Similarly, 1.4% goes to health in 2017-18 up from 1.2% in 2013-14. This, too, is less than what the sector is demanding for years. Rest of social sector has a pie of 2.2% of GDP in 2017-18. “Given the limited resources”, the government has consistently prioritized strengthening the educational and health profile of the population, the survey said. As India is poised to grow as one of the leading knowledge economies, education, skill development and health will remain priorities for the government.
India has nearly 300 million students across 1.5 million schools, more than 51,000 colleges and 864 universities.

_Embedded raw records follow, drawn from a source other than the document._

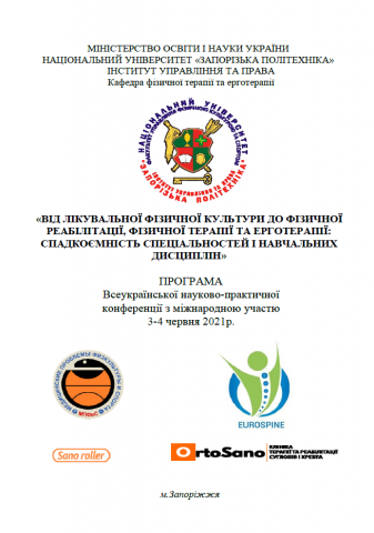 3-4 червня 2021 року викладачі кафедри фізичної реабілітації та біокінезіології взяли участь у Всеукраїнській науково-практичній конференції з міжнародною участю «Від лікувальної фізичної культури до фізичної реабілітації та ерготерапії: спадкоємність спеціальностей і навчальних дисциплін», яку організовано Національним університетом «Запорізька політехніка».
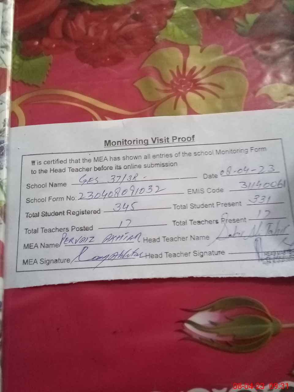 | EMIS Code: 31140061 | Name of School: GES CHAK NO. 37/3-R | |||
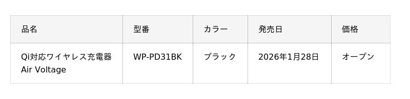 株式会社電響社(大阪市浪速区、代表取締役社⾧:山下 俊治/以下、電響社)は、マクセルブランドの充電器シリーズ「Air Voltage(エアボルテージ)」より、Qi2 25W認証を取得したワイヤレス充電器「WP-PD31BK」を2026年1月28日に発売します。
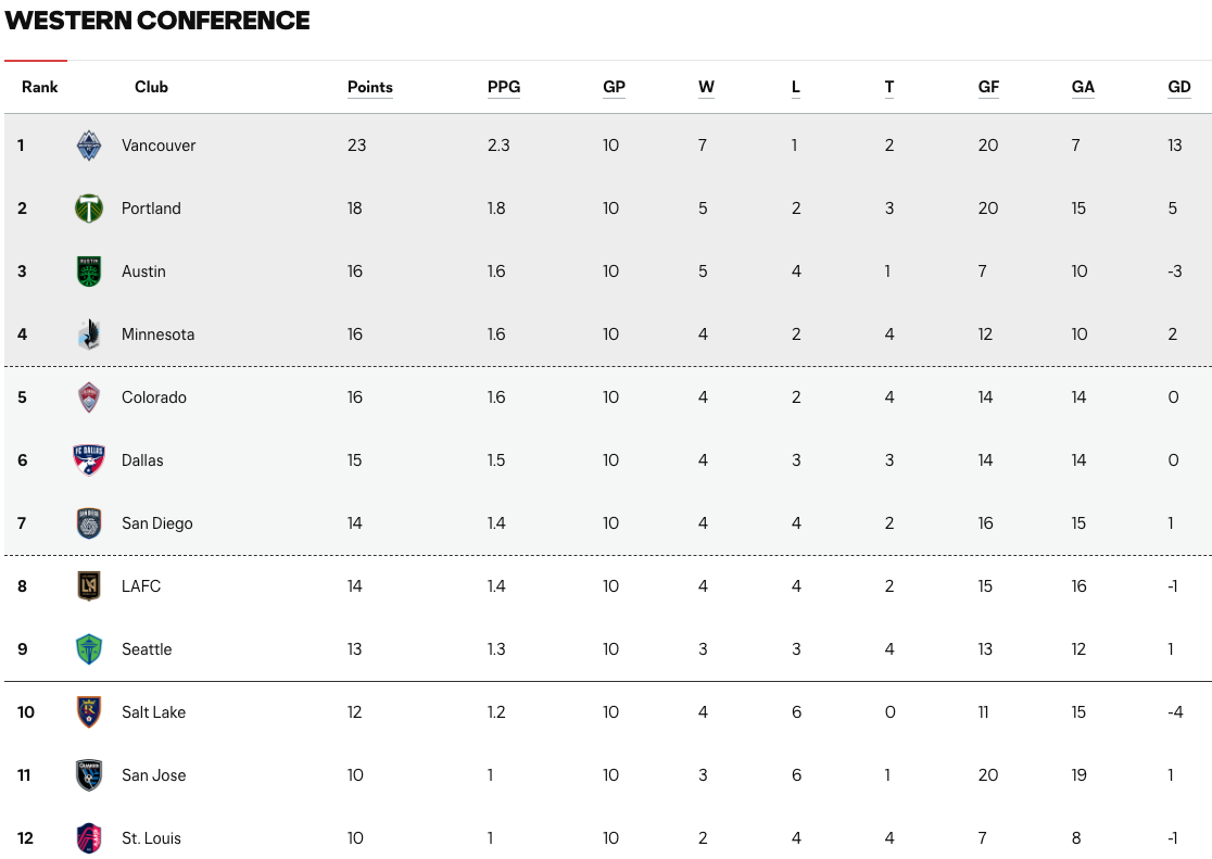 - 15: There have been just 15 goals scored by both teams in St. Louis City’s 10 matches this season, that’s the second fewest of any team. Perhaps unsurprisingly, they are also tied for the league lead with five shutouts. Of course, only one team has only been shutout more than them, either.
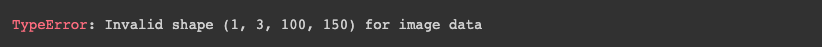"TypeError: Invalid shape (1, 3, 100, 150) for image data"
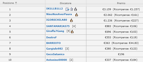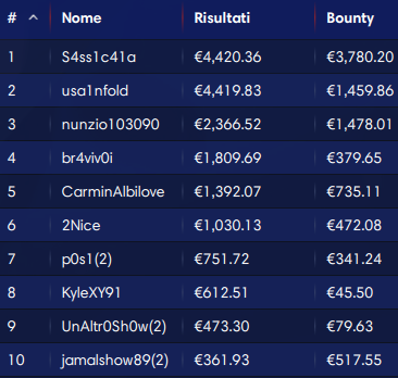 Ne hanno approfittato 81 pagati che hanno preso almeno 97 euro. Alle ore 4:33 il sipario è calato con la grande gioia di ‘S4ss1c41a‘: per lui 8.200 euro complessivi. Secondo posto da 5.879 euro per ‘usa1nfold’, terzo per ‘nunzio103090’.
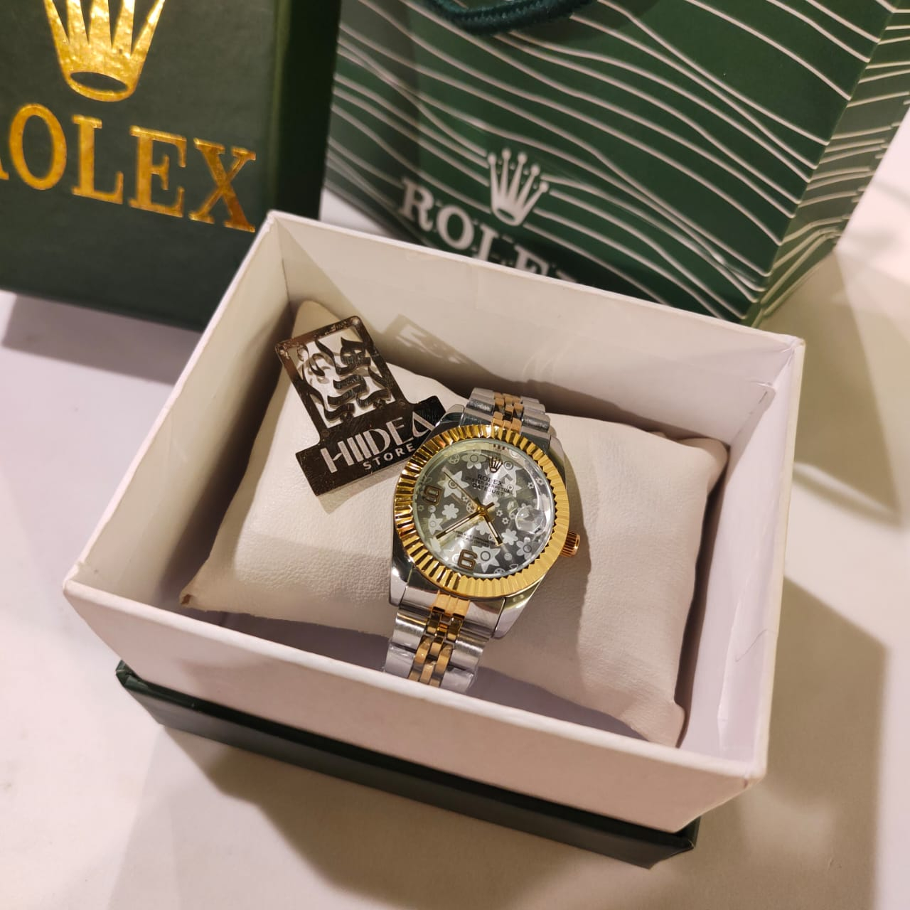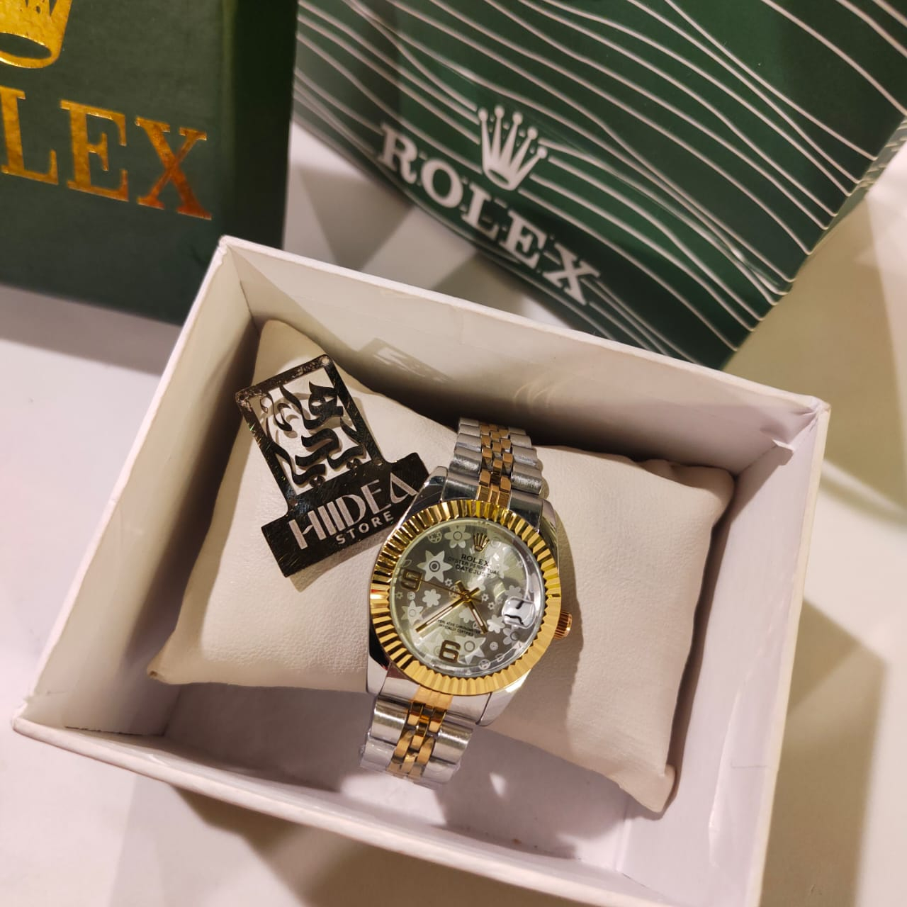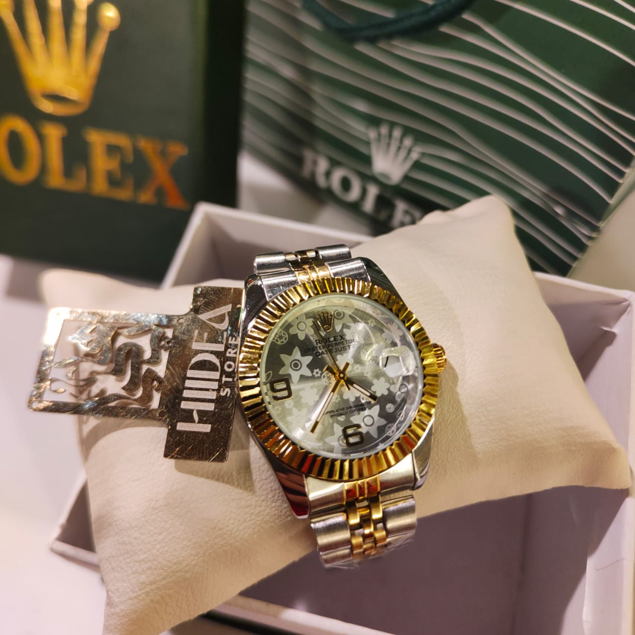 (الصورة حقيقية بدون تعديلات) ساعة رولكس هاي كوبي مقاس 32ملل تتميز الساعة الرولكس بالتصميم الملكي الجديد الراقي ومينا مميزة  واوستيك معدن  ستانلس مقاوم للصداء مع طلاء بجودة ممتازة مع عداد للتاريخ وقفل الساعة كوبي للساعة الرولكس الاوريجنال ومختوم ، تصلك الساعة في بوكس وشنطة بماركة رولكس
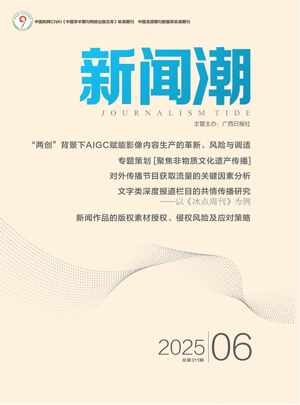 《新闻潮》杂志 Journalism Tide 主管单位、主办单位:广西新闻学会,广西新闻工作者协会 新闻业务刊物。针对新闻界的思想动向与新鲜事物发表意见,介绍新闻业务知识,交流实践经验,研究新闻史料,介绍中外名记者、名编辑等专业人员的成才之路,介绍国内外新闻理论、采访经验及新闻界动态。
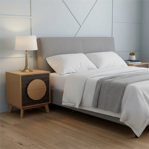 Set of Two 21" Oak And Dark Brown Solid Wood Square Two Drawer Nightstands
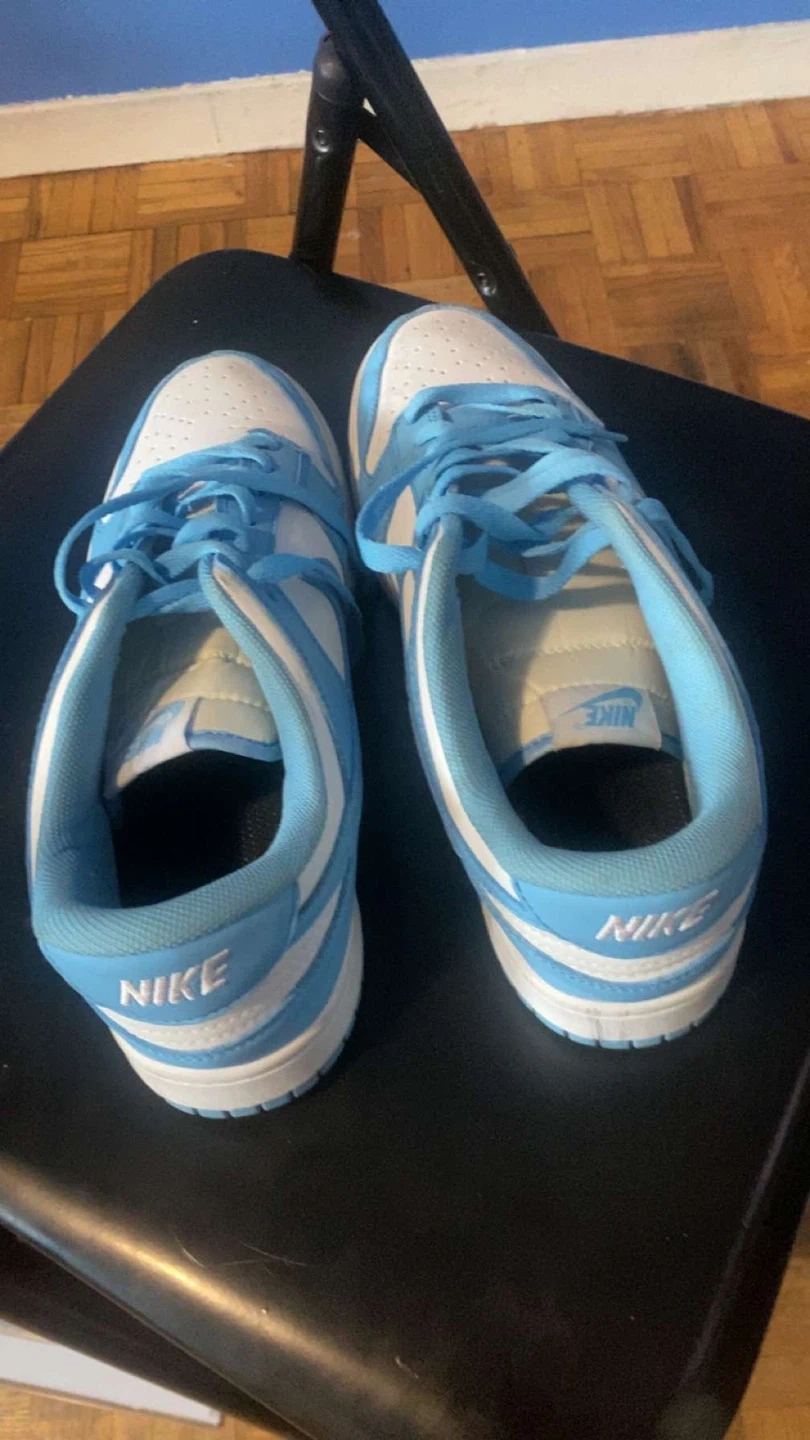 Selling a pair of Nike Dunk Lows in the UNC (University of North Carolina) blue colourway! These shoes are in great condition and ready for a new home. Perfect for adding a pop of colour to your outfit or for any Tar Heels fan
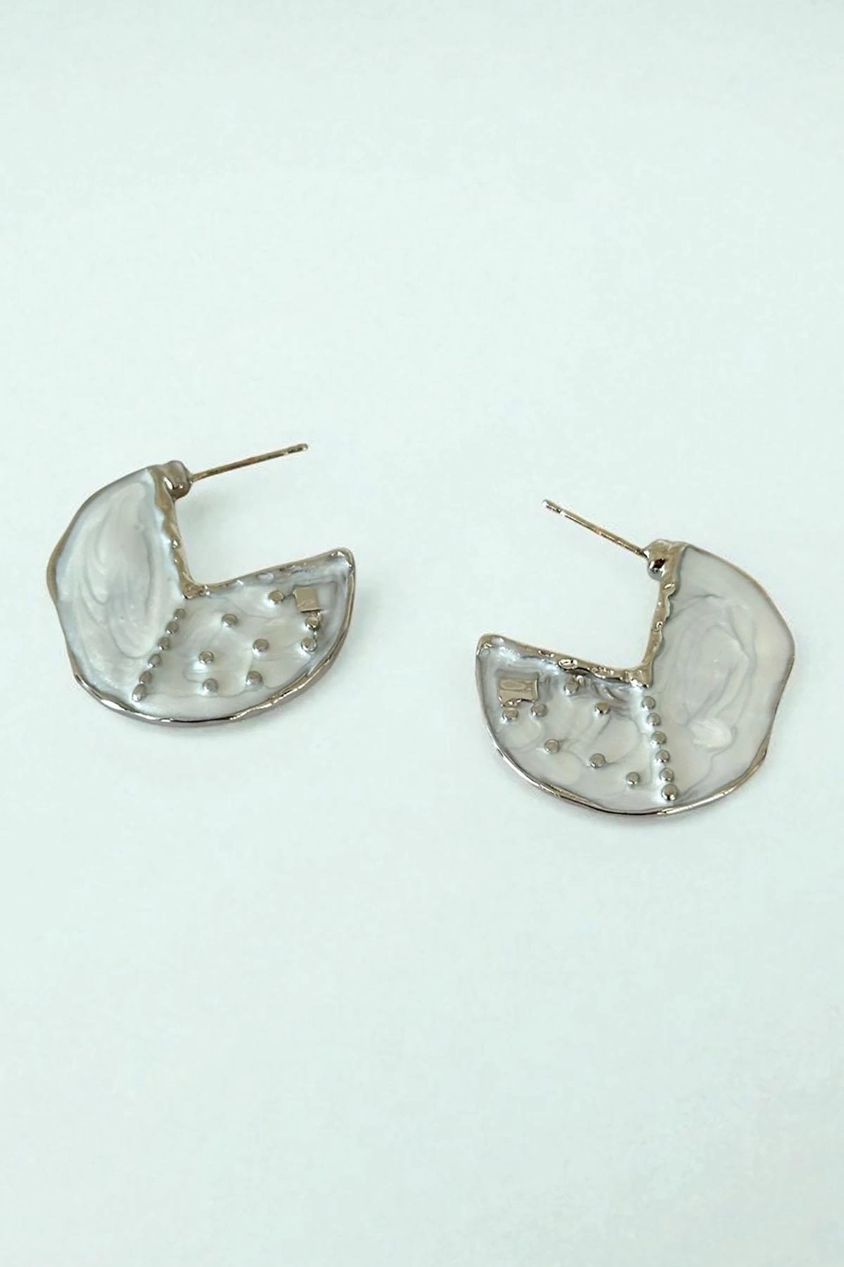 Gümüş Renk Beyaz Mineli Küpe (Çift)
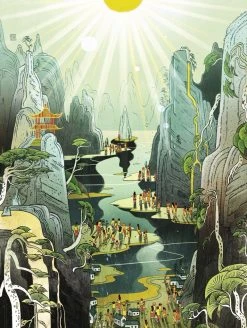 In the countryside of China, people move about alongside the mountains and take in the serene scene.
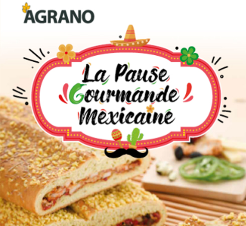 Pause mexicaine Agrano En septembre, Agrano présente une nouvelle recette snacking « La Pause Gourmande Mexicaine » mettant en avant la saveur incomparable de la farine élaborée Maïsano 50% ou Mexicain 100% ! Une recette de pain au maïs renfermant une garniture à la saveur mexicaine au poulet ou végétarienne à la fois facile et rapide à réaliser ; telle est la promesse de cette recette snacking dans l’air du temps !
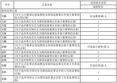 一、股东大会董事候选人选举、独立董事候选人选举、监事会候选人选举作为议案组分别进行编号。投资者应针对各议案组下每位候选人进行投票。
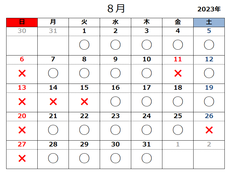 2023.07.26お知らせ 令和5年8月の開所日のお知らせ 黒〇=開所日 赤✕=閉所日 ※タスカルでは、基本「土」「日」「祝日」はお休みとさせていただきます。 また、各種お問い合わせは平日9:00~18:00にお願いいたします。 お問合せ TEL 011-717-5211 FAX 011-717-5212
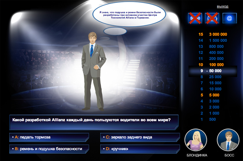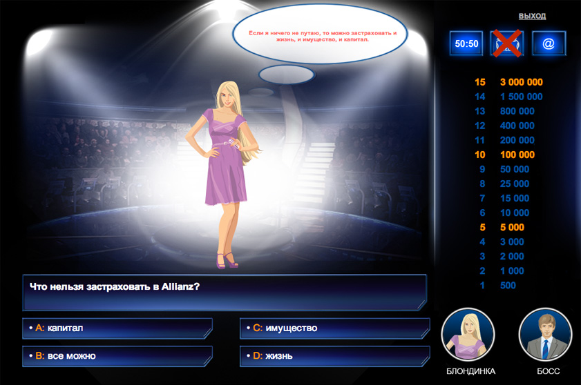 Создать корпоративную игру «Миллионер» для будущих сотрудников компании Allianz.
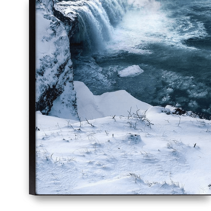 Bestelle dieses Landschafts-Wandbild Eisiger Wasserfall von Joris Machholz als Reproduktion auf Leinwand, Alu-Dibond, als Poster, Fototapete oder Acrylglasbild.
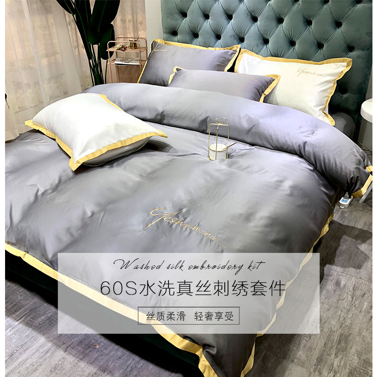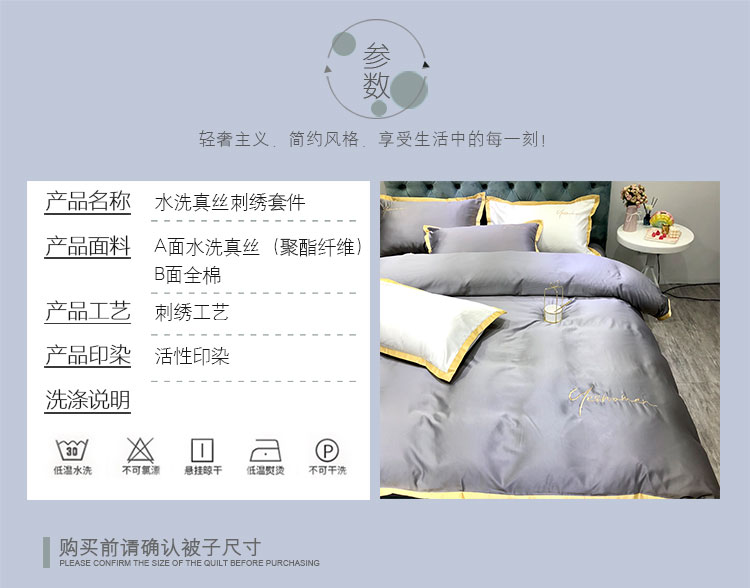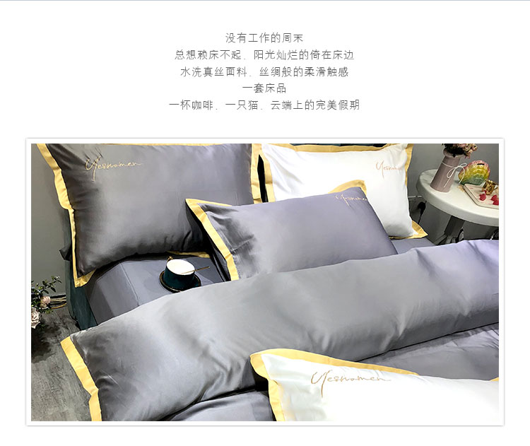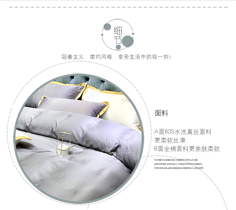 商品名称:安妮 2020新款水洗真丝凯茜四件套(实拍图) 光泽灰

“India has made significant progress in quantitative indicators such as enrolment levels and physical infrastructure like construction of school buildings/classrooms, drinking water facilities, toilet, etc… In addition to quantitative indicators, the quality of education also needs to be monitored and assessed,” it added.
As per the Survey, India, however, is incrementally increasing its social sector spending in terms of absolute numbers—Rs9.84 trillion in 2016-17 revised budget to Rs10.94 trillion in 2017-18 budget estimate.
To showcase how the education spending is improving access and reducing discrimination, the Economic Survey said India has been successful in achieving gender parity in the school sector and in higher education it is moving towards a better gender parity.
In 2016-17, for every 100 male students, there were 94 female students. This is an improvement from 2014-15, when there were 92 female students for every 100 male students. “The budget should not only focus on increasing the spend on education and skilling programmes but also allocate a substantial amount towards measuring the quality of vocational training programmes. Rather than just training and creating the volume, we should focus on the adoption of outcome-based training practices,” said Neeti Sharma, a senior vice-president at Teamlease Services , a staffing and training firm.
Industry lobby Associated Chambers of Commerce of India, or Assocham, in an email note said its is not only expecting a higher education budget to correct under funding but also seeking GST relief for allied services of the higher education sector.
On health front, the Survey said growing expenditure on health is burdening the public in general. It said the National Health Policy has “recommended increasing state sector health spending to more than 8% the state government budget by 2020”.